Traceback (most recent call last):
  File "/usr/local/lib/python3.12/site-packages/hera/workflows/_runner/util.py", line 222, in _runner
    output = _save_annotated_return_outputs(function(**kwargs), output_annotations)
             ^^^^^^^^^^^^^^^^^^^^^^^^^^^^^^^^^^^^^^^^^^^^^^^^^^^^^^^^^^^^^^^^^^^^^^
  File "/usr/local/lib/python3.12/site-packages/hera/workflows/_runner/script_annotations_util.py", line 250, in _save_annotated_return_outputs
    _write_to_path(path, value)
  File "/usr/local/lib/python3.12/site-packages/hera/workflows/_runner/script_annotations_util.py", line 326, in _write_to_path
    output_string = serialize(output_value)
                    ^^^^^^^^^^^^^^^^^^^^^^^
  File "/usr/local/lib/python3.12/site-packages/hera/shared/serialization.py", line 51, in serialize
    if value == MISSING:
       ^^^^^^^^^^^^^^^^
  File "/usr/local/lib/python3.12/site-packages/pandas/core/generic.py", line 1577, in __nonzero__
    raise ValueError(
ValueError: The truth value of a DataFrame is ambiguous. Use a.empty, a.bool(), a.item(), a.any() or a.all().

Python:

global_config.experimental_features["script_pydantic_io"] = True


class Datasets(Output):
    X_train: pd.DataFrame
    X_test: pd.DataFrame
    y_train: pd.Series
    y_test: pd.Series

    class Config:
        arbitrary_types_allowed=True


# Load dataset
@script(constructor="runner")
def load_and_split_dataset(
    dataset_path: Annotated[
        Path,
        S3Artifact(...),
    ],
) -> Datasets:
    data = pd.read_csv(dataset_path)

    # Split into features and target
    X = data.drop("Outcome", axis=1)
    y = data["Outcome"]

    # Train-test split
    X_train, X_test, y_train, y_test = train_test_split(
        X, y, test_size=0.2, random_state=42
    )

    return Datasets(
        X_train=X_train,
        X_test=X_test,
        y_train=y_train,
        y_test=y_test,
    )

Pandas DataFrames have a to_json method which would make things easier, but I have no way to tell the serialize function in hera.shared.serialization what to do with DataFrames.

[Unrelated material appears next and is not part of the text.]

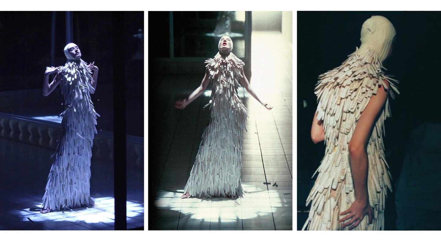На показе Александра Маккуина «Восс», весна–лето 2001, мода превратилась в настоящую психологическую сцену. Модели выходили с плотно обёрнутыми муслином головами, будто их лица скрывали импровизированные повязки или следы медицинских манипуляций. Вместо привычной подиумной походки они двигались неуверенно: то покачиваясь, то натыкаясь на стеклянные стены, то впадая в странное возбуждение — смеялись, хватались за голову, реагировали на пространство так, будто внутри него происходило что-то, с чем они не могли справиться.

I also can't change the class code, hence "non-user" type (I could subclass it though?).

Describe the solution you'd like
A clear and concise description of what you want to happen.

An easy way to plug in the "how" for serializing custom types in the runner, e.g. as part of the type annotation, or a global setter such as global_config.serializer = my_serializer, or maybe in the RunnerScriptConstructor? (Needs some more thought)

Describe alternatives you've considered
A clear and concise description of any alternative solutions or features you've considered.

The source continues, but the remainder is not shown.